There's dynamic stuff too: which state the user is in right now, which facts get injected, which slice of history matters this turn. But the skeleton inside which that dynamism happens is fixed. That's the guarantee, not a limitation.

What This Means for People Who Build Products

The unit of design is no longer a screen. It's a state. The UX designer becomes a conversation architect: they design the state graph, write per-state prompts, define transition validators, sketch fact schemas. It's parallel to how UX moved from page-by-page design to component systems in the 2010s. Now the components are conversational states.

I know what I'm writing about because I'm building exactly this kind of system: ExoChat, an engine for managed LLM dialogues.

One more thing I noticed while writing this piece: the same argument runs recursively. The agents themselves (ChatGPT, Perplexity, Claude, Operator) could use an FSM skeleton on the inside. I'll write that one up separately too.

One disclaimer before we wrap: not all UIs disappear.

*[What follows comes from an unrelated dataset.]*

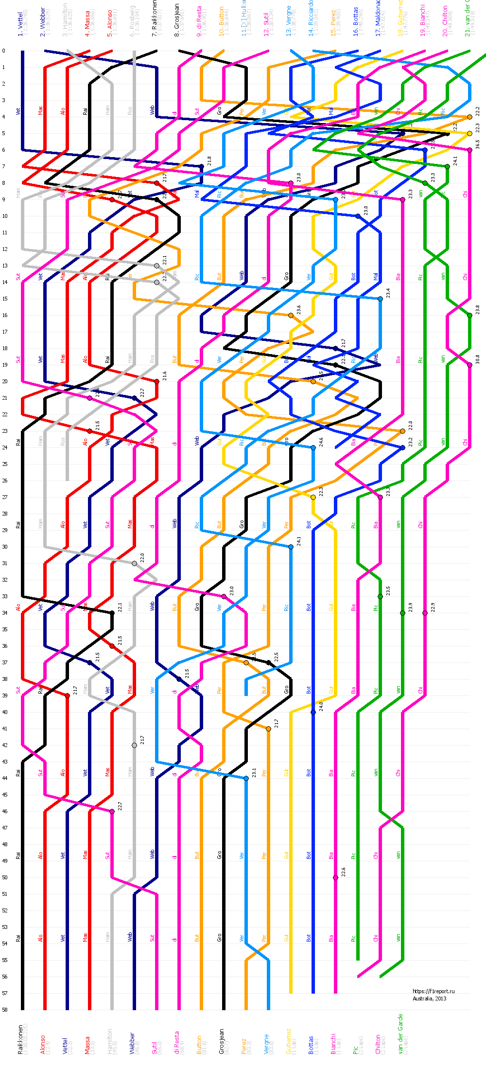 Диаграмма отображает смену позиций пилотов Формулы-1 на всем протяжении дистанции гран-при Австралии 2013. Точками отмечены пит-стопы с указанием времени остановки.

Creative tools (Figma, Premiere, Logic Pro), code editors (IDEs), and games stay canvas-based. The LLM intermediary still shows up alongside them: AI agents inside Figma, Copilot, Claude Code, and Cursor in IDEs, generative pipelines and LLM-driven NPCs in gamedev. The canvas as a way to work isn't going anywhere; voice and text won't replace it. This article isn't about those domains. It's about the interaction between a user and a business in pursuit of a product, a service, or information.

What I'm Taking Away

  1. REST APIs as the default agent surface. That's already the standard in everything we build. The article just confirms the direction.
  2. Pilot ExoChat against a real online store. It's both a real test of the single-window surface and a strong demo.
  3. And you? What does this change for the product you're building?